The objective of this study is to evaluate the effect of cabozantinib compared with placebo on overall survival in subjects with advanced HCC previously treated with sorafenib.
ID
Source
Brief title
Condition
- Hepatobiliary neoplasms malignant and unspecified
Synonym
Research involving
Sponsors and support
Intervention
Outcome measures
Primary outcome
Primary endpoint: Overall survival (OS)
Secondary outcome
Secondary endpoints:
* Objective response rate (ORR) per RECIST 1.1
* Progression-free survival (PFS) per RECIST 1.1
Additional endpoints:
* Safety and tolerability
* Pharmacokinetics (PK)
* Relationship of baseline and changes in biomarkers with treatment and/or
clinical outcome
* Health-related quality of life (HRQOL) as assessed by the EuroQol Health
questionnaire instrument (EQ-5D-5L)
Background summary
Hepatocellular carcinoma (HCC) is the second highest cause of cancer-related
deaths globally, behind only lung cancer. HCC is usually resistant to systemic
chemotherapy. Sorafenib, a small-molecule inhibitor of vascular endothelial
growth factor receptor (VEGFR) and other protein kinases, has been shown to
improve the time to progression and overall survival in patients with HCC, who
eventually progress and succumb to their disease despite treatment (Llovet
2008). At the present time, no drug has demonstrated efficacy in patients with
inoperable or metastatic HCC that has progressed after treatment with sorafenib.
MET and VEGF signaling have been implicated in tumor neo-angiogenesis,
invasion, and dissemination, and in osteoblast and osteoclast function, while
dysregulation of MET and VEGF pathway components has been associated with poor
prognosis in multiple tumor types. Resistance to VEGF-targeted therapies may
arise from the up-regulation of alternative pro-angiogenic and pro-invasive
signaling pathways, including the MET pathway. Consistent with this, combined
inhibition of the VEGF receptor (VEGFR) and MET results in efficacy enhanced
over that achieved via inhibition of either pathway alone in some tumor models.
Cabozantinib is an orally bioavailable tyrosine kinase inhibitor with potent
activity against MET and VEGFR2, as well as a number of other receptor tyrosine
kinases that have also been implicated in tumor pathobiology, including RET,
KIT, AXL, and FLT3. Cabozantinib suppresses MET and VEGFR2 signaling, rapidly
inducing apoptosis of endothelial and tumor cells, resulting in tumor
regression in a variety of xenograft
models. Cabozantinib prolonged survival in a MET-driven transgenic mouse model
of HCC. In clinical studies, cabozantinib has demonstrated promising activity
in multiple tumor types and in 2012 was approved by the US FDA for the
treatment of progressive metastatic medullary thyroid cancer.

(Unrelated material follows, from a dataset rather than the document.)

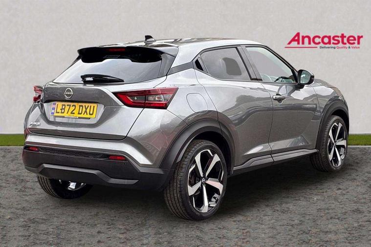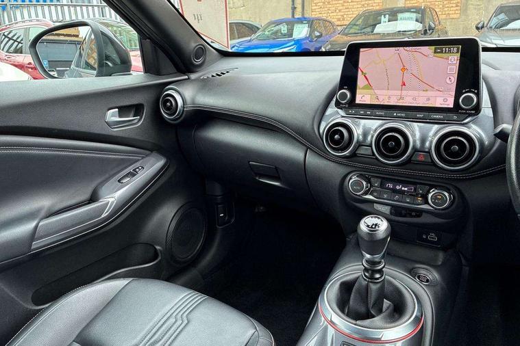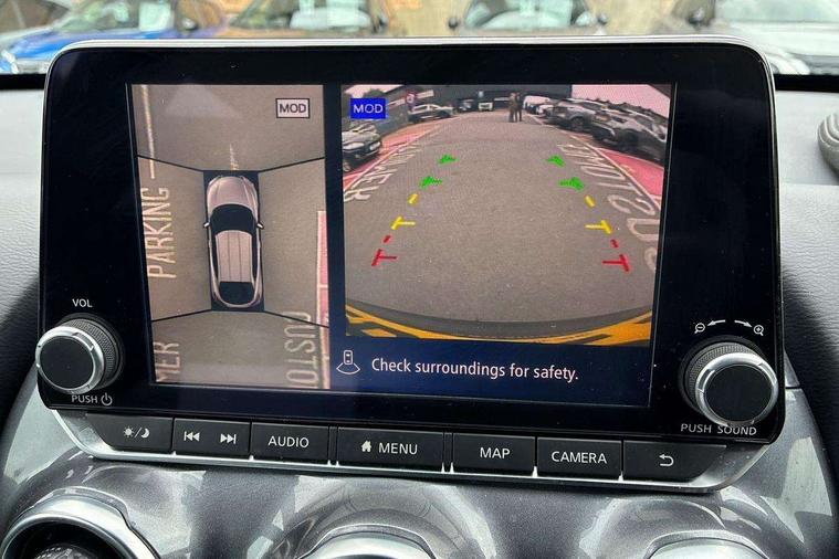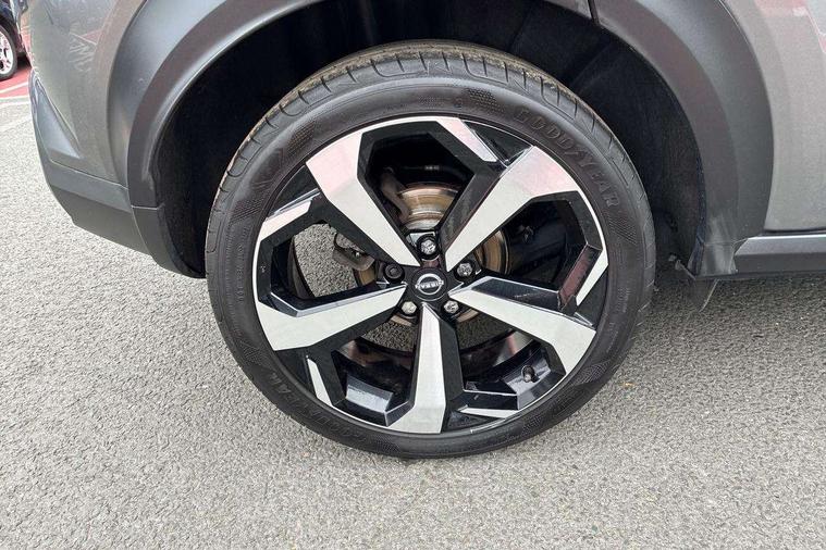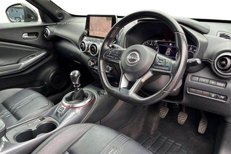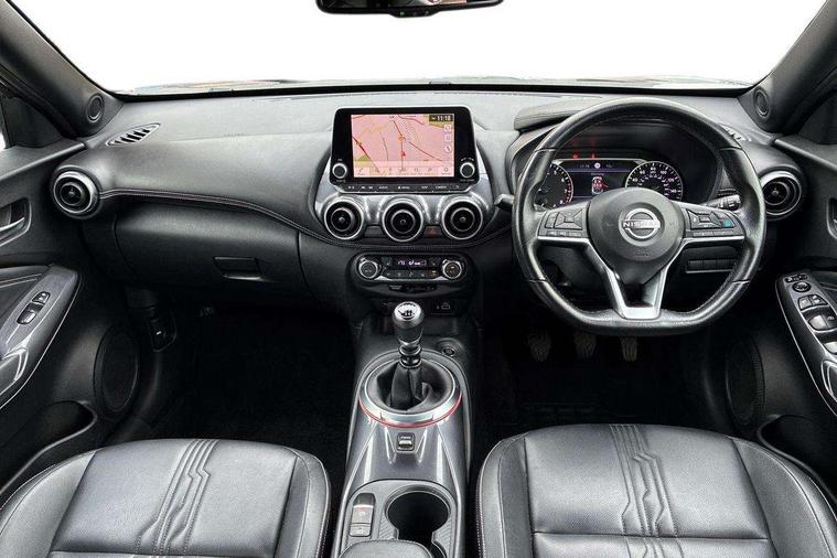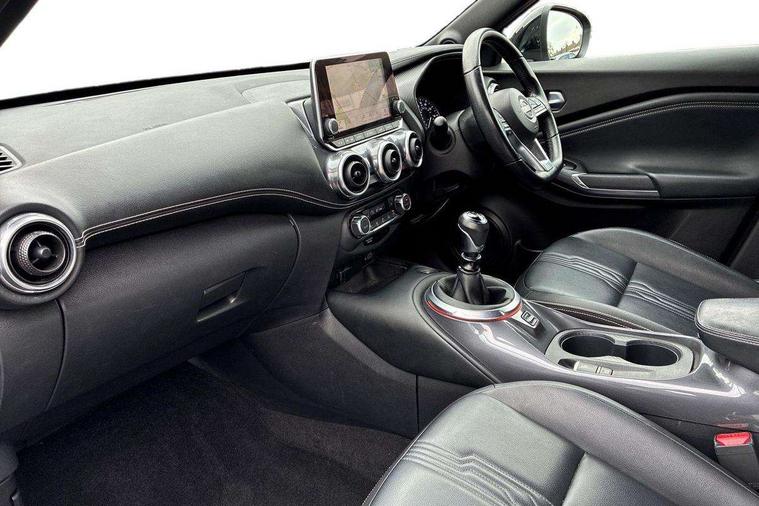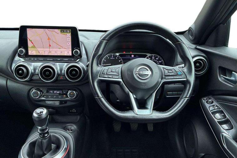7" full colour TFT screen combimeter, Apple CarPlay and Google Android auto, Drive modes select (Eco, normal and sport), Emergency and breakdown call, Front parking sensor, Idle start/stop system, Intelligent lane intervention, Lane departure warning system, Nissan connect 8" touch screen entertainment system, Nissan connect nav with TomTom traffic, Nissan connect services and Wifi connection, Outside temperature sensor, Power Steering, Rear parking sensor, Traffic sign recognition, Trip computer, Voice recognition, Gasoline particulate filter, 10 Bose speakers 6 speakers and 2 headrest speakers for driver/passenger seats, Bluetooth system, USB, Aux-in and 12V socket, Bose personal sound stage control, DAB Digital radio, Rear console USB port, Auto dimming interior rear view mirror, Auto headlights, Automatic hazard signal with emergency stop signal, Body colour bumpers, Body colour door handles, Electrically adjustable door mirrors with integrated indicators, Follow me home headlights, Front and rear electric window with one touch driver window, Heated and auto folding door mirrors, High beam assist, LED daytime running lights, LED front fog lights, LED headlamps, LED rear fog lamp, LED rear lamps, Rain sensor windscreen wipers, Rear privacy glass, Rear side wing doors, Rear wiper, Thermaclear heated windscreen, Three blink turn signal, 3 height adjustable rear headrests, 3 seat bench in 2nd row, 60/40 split folding rear seat, Automatic climate control, Card holder on driver sunvisor, Door ambient lighting, Driver and passenger sliding and reclining seats, Driver seat back pocket, Driver side rear coat hanger, Driver/passenger sunvisors and vanity mirrors, Front and rear cabin lights, Front armrest, Front door pockets with bottle holders, Front head restraints, Front passenger isofix child seat anchorage point, Front/rear passenger grab handles, Gear console ambient circle lighting, Grey synthetic leather kneepad, Heated front seats, Height adjustable driver's seat, Height adjustable passenger seat, Internal chrome door handles, Leather gearshift knob, Leather steering wheel, Luggage board, Luggage space lighting, Monoform sporty seats, Multifunction steering wheel, Passenger seat back pocket, Rear door bottle holders, Single front passenger seat, Synthetic leather upholstery, Telescopic steering wheel adjustment, Two cupholders in front centre console, Two rear isofix child seat anchorage points with top tether, Welcome light and console tray ambient lighting, Advanced safety shield pack - Juke, ABS with EBD and brake assist, Active ride control, Active Trace Control, Driver and passenger airbags, Driver and passenger side airbags, Electric handbrake with auto hold function, Electronic Stability Programme (ESP), Front and rear curtain airbags, Height adjustable seatbelts, Hill start assist, Intelligent emergency braking with pedestrian and cyclist recognition, Rear door child safety locks, Seatbelt reminder for driver/front passenger and rear seats, Single tone horn, Three 3 point rear seatbelts, Traction control, Tyre pressure monitoring system, VDC Dynamic Vehicle Control, Ventilated rear brake discs, Alarm, Immobiliser, Intelligent key and start push button with walk away lock and approach unlock functions, Remote central locking,

A cohort of 41 subjects with HCC was enrolled in a Phase 2 randomized
discontinuation study evaluating cabozantinib (Study XL184-203). The majority
of subjects (80%) had received prior systemic therapy for the disease; over
half (51%) had received prior sorafenib. Extrahepatic spread was present in 73%
of subjects, consistent with a relatively poor prognosis. Within the first 12
weeks, 2 subjects had a confirmed partial response (PR) and 32 subjects had
stable disease; the Week-12 disease control rate (PR plus stable disease) was
66%. Tumor regression appeared independent of prior sorafenib exposure. Based
on the most recent survival data which included 38 deaths among the 41
subjects, the median OS from the initial cabozantinib dose as estimated by the
Kaplan-Meier method was 11.5 months (95% CI: 7.3, 15.6) (data on file). Among
sorafenib-pretreated subjects, the median OS was 12.9 months (95% CI: 10.8,
16.8). The safety profile was similar to that of other tyrosine kinase
inhibitors such as sorafenib, with manageable adverse events (AEs) during
treatment.
Study objective
The objective of this study is to evaluate the effect of cabozantinib compared
with placebo on overall survival in subjects with advanced HCC previously
treated with sorafenib.
Study design
This is a Phase 3 multicenter, randomized, double-blinded, controlled trial of
cabozantinib vs placebo, both with best supportive care.
Intervention
Subjects will take blinded study medication (tablets containing 60 mg of
cabozantinib or placebo equivalent) once daily orally at bedtime. Required dose
reductions will be in decrements of 20 mg cabozantinib or placebo equivalent.
Subjects will continue blinded study treatment as long as they continue to
experience clinical benefit in the opinion of the investigator or until
unacceptable toxicity, the need for subsequent systemic anticancer therapy or
liver-directed local anticancer therapy, or other reasons for treatment
discontinuation.
Study burden and risks
With an estimated treatment period of 4 months and a study prticipation of 1
year, patients will undergo the following study procedures, during 12-13 study
visits (incl. 2-3 phone contacts):
- 9x physical exam and vital signs
- 9x ECOG score
- 5-6x ECG
- 9x blood samples
- 4x urinalysis
- 5x serum pregnancy test (only women who can get pregnant)
- 4x CT/MRI-scan
- 1x bone scan (4x for subjects with bone lesions at screening)
- 7x questionnaire
- 1x tumor biopsy (optional and only if no archival biopsy is available)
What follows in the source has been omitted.